A proposal to add Teacher Salaries Adjustment Bonds

This proposal would provide school districts the ability to raise teacher salaries to a level competitive with other professional careers.  It will also give school districts the ability to draw upon the American Recovery and Reinvestment Act of 2009 (ARRA) to make necessary salary adjustments that will help rehabilitate the classroom school climate across the schools.  It can also help end the ‘crisis’ presently leading teachers to take early retirements and/or leave the profession.  
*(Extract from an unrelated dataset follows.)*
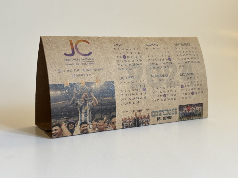 50 Almanaques Calendario Carpa en Kraft 405gr Personalizado Color 20x10cm Año 2026
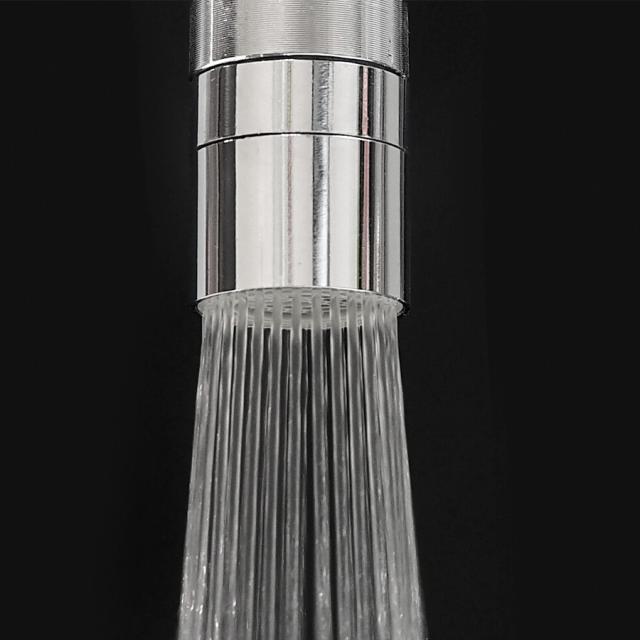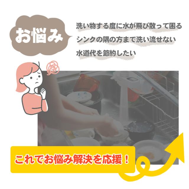 また、ノズルを回すだけで、水ハネを抑える「バブル水流モード」、食器汚れも落とす「シャワー水流モード」の2種類の水流モードがワンタッチで切り替え可能!

These adjustments are to allow schools to issue bonds at low-to-no interest as is allowed in the Qualified School Construction Bonds for rehabilitation of professional teacher salaries in a parallel manner as is done in the repair of or building new public school facilities.

Bonding for Salaries

Reasons for considering bonding for raising the salaries of teachers across the countries

  • No other known proposal has been offered to date that would get this off of dead center.
  • Almost every study done on why teachers leave the profession or do not decide to enter the profession focuses on salaries at the top or very near the top of all studies.
  • Salaries continue to lag behind most other professions with the same education levels.
  • Teachers leaving earlier now than expected (a.) Retirement; (b.) moving to other professions 
  • The gap in shortages will grow severely after the recent years of the pandemic; teachers are worn out, feel less respected, and see no end to the low salaries on the horizon. 
  • A new bonding law or expanding the existing laws would give every school district the same opportunity to bond to meet their particular needs.
  • Schools with very adequate salaries may choose not to bond; rural and inner city school districts appear to have the most pressing need to bond to move salaries up to a professional and competitive level for present teachers and new teachers coming out of the pipelines.
  • The bonding for school improvements or new school buildings would not be possible for many school districts without the legislation that was passed to allow for it in many countries.

Comparative outcomes for Bonding for Buildings and Bonding for Salary Adjustments 

Bonding for buildings example

Bonding for a new building at $5 million U.S.; one year later building completed; five years later bonds paid off with interest; in the sixth year bonding for another new building $7 million; 16 months later building completed; five years later bonds paid off.

Bonding for buildings outcomes

  • Two new buildings exist for staff and students.

Bonding for Salary Adjustments Outcomes example

Bonding for salary adjustments $5 million; five years later salary adjustments bonding paid off with interest; in the sixth year bonding for salary adjustments $6 million; five years later bonds paid off.

  • Teacher salaries become competitive with other professions Early teacher retirements slow down dramatically
  • Students have quality certified teachers in every grade level and all subject areas
  • Teachers regain pride in themselves and their profession        

Bonding:  A proposal worth pursuing

The above proposal provides an addition way for countries to consider a new way to fund the teachers’ salary adjustments that need to be made has been outlined for consideration.  This should be considered as a means of addressing an educational crisis as was outlined at the top of this article.  A longer range solution should also be worked on that will allow school districts to move out of bonding for the salary adjustments for teachers over time.